And yeah - all rooms at Yosemite Lodge have their own bathrooms.


----------



## WebmasterMaryJo

If you don't want to stay at Harris Ranch, you can check out Visalia (3 hours from Los Angeles), or Bakersfield (2 hours from Los Angeles).  There are a few places for lodging there.  If you want to drive a bit more, you can stop at Visalia. Magic Mountains is there, as well as a nice waterpark.


----------



## czmom

Thanks! What about Sequoia National Park? How far out of the way is that?

I'm thinking we could skip Mariposa Grove and drive to Sequoia to visit and spend a night somewhere there?

Just not sure of the drive times.


----------



## WebmasterMaryJo

We drove home from Yosemite via Sequoia.  It will take 3 hours to get to Sequoia from Yosemite. You can drive through there and see some sights.  If you do this I recommend going to Grants Grove in Kings Canyon.  You will also drive through a sequoia grove called the Lost Grove where you can take pictures.  The General Sherman is located in the Giant Forest portion of Sequoia.  It's the largest living thing on Earth.  You can visit and walk to that three and walk around.  You leave Sequoia through the southern route on Hwy 198, and that will take you to Visalia.
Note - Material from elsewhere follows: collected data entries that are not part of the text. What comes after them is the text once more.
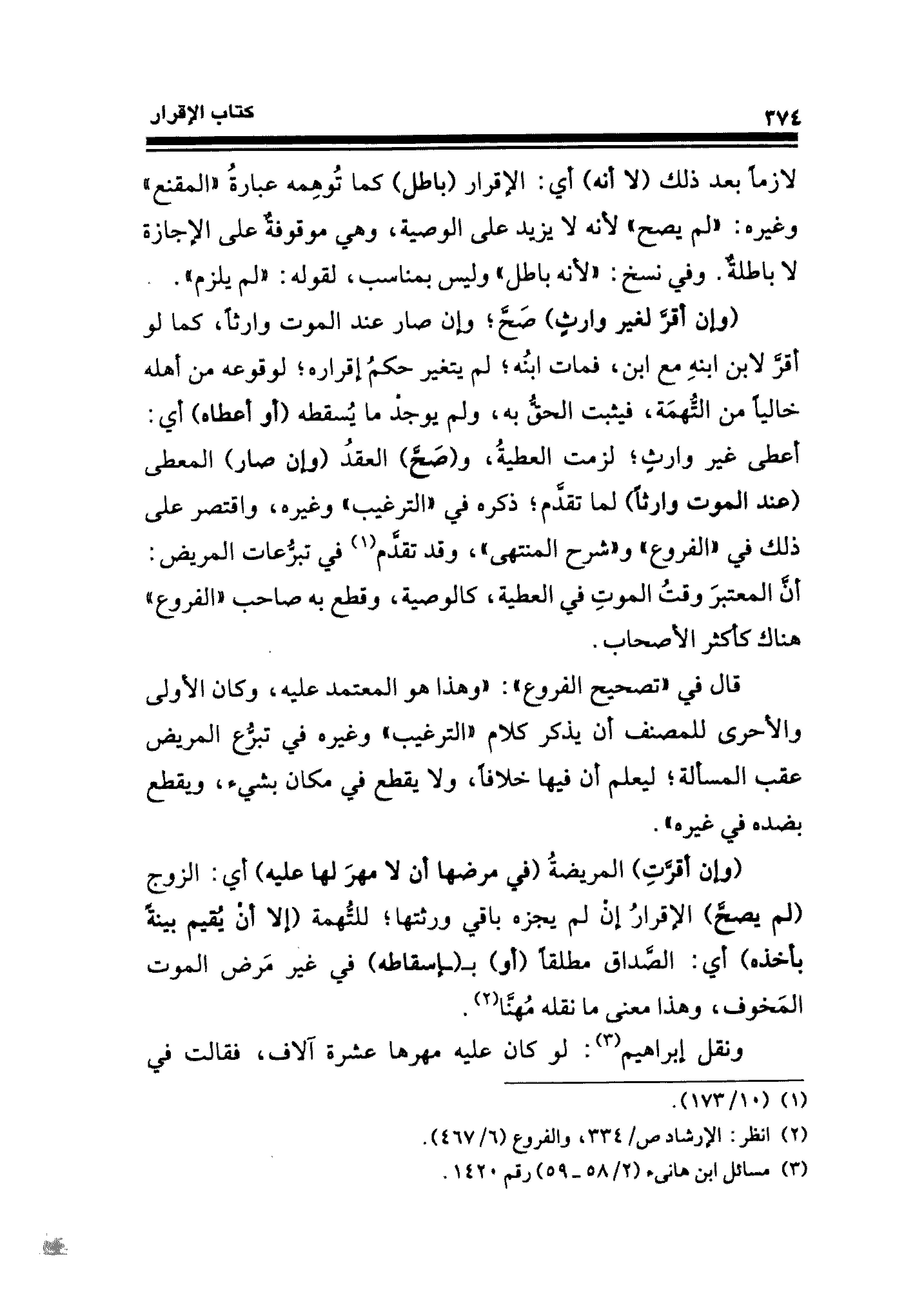 (¬٢) انظر: الإرشاد ص/ ٣٣٤، والفروع (٦/ ٤٦٧).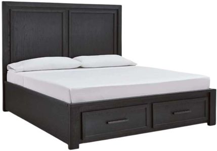Includes California king panel headboard, storage footboard, and rails with roll slats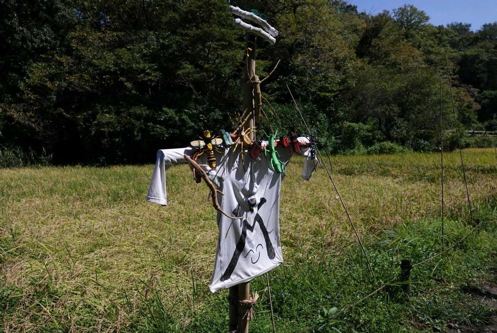 今日のお花 オモダカ(沢瀉) 水田雑草 体験田んぼには収穫の為、たくさんの子供達が来て賑やかでした。 オモダカは花ばかりでなくたくさんの実を付けていました。 4枚目はピンク色の小さなお花、キクモ(菊藻) 地域により絶滅危惧種。 水中で開花すれば閉鎖花になり環境により形態を変えられるらしい。稲刈り中の田んぼは何処も作業の人しか近寄れません。 5枚目、恒例の案山子のコンクール、この案山子は虫好きのグループが作ったのか丁寧にたくさんの虫が付けられ完成度が高いと思いました。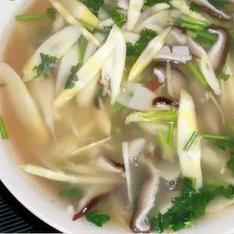 2、将竹笋、姜丝放在汤锅中加适量清水煮15分钟,再放香菇、金针煮5分钟。放精盐,味 精即可。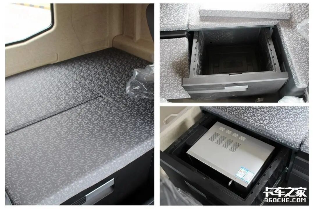 卧铺下方也是暗藏玄机,它采用了模块化的设计,配备了抽拉打开的车载微波炉和车载冰箱,方便卡友在车上携带一些饮料和食品。并且这两个配置都是标配,不加价,可以说非常良心。

The drive from Giant Forest to Los Angeles is about 5.5 hours.


----------



## Melissy

If you do want to spend an extra night before heading to Los Angeles, go way west, and head to San Luis Obispo and spend a night somewhere near the coast.


----------



## bcla

czmom said:


> Thanks! What about Sequoia National Park? How far out of the way is that?
> 
> I'm thinking we could skip Mariposa Grove and drive to Sequoia to visit and spend a night somewhere there?
> 
> Just not sure of the drive times.



SEKI is a better place to see sequoia than Yosemite.  However, many people are already visiting Yosemite, and Mariposa Grove is convenient.  The "biggest" tree in Mariposa Grove is Grizzly Giant, and that lost its top quite a while ago.

Grant Grove is convenient because it's closer to Fresno.  Giant Forest has the star attractions, but that's further along Generals Highway.

Grant Grove is sort of strange because they call it "Kings Canyon" even though it's separate from the rest.  It was part of the former General Grant National Park, which was essentially just an isolated spot of land until KCNP was created in 1940 and they decided to add General Grant NP to it.  A few decades ago they added to Kings Canyon NP with land that was part of Sequoia National Forest, including Redwood Canyon Grove - that essentially connects with Grant Grove to the boundary of Sequoia NP.  Redwood Canyon Grove is spectacular, but you need to be willing to spend several hours.  Nothing is paved and none of the trees are identified with signs.  You can go off trail and even touch the trees.  There's so little visitation that they don't consider it an issue for the health of the trees.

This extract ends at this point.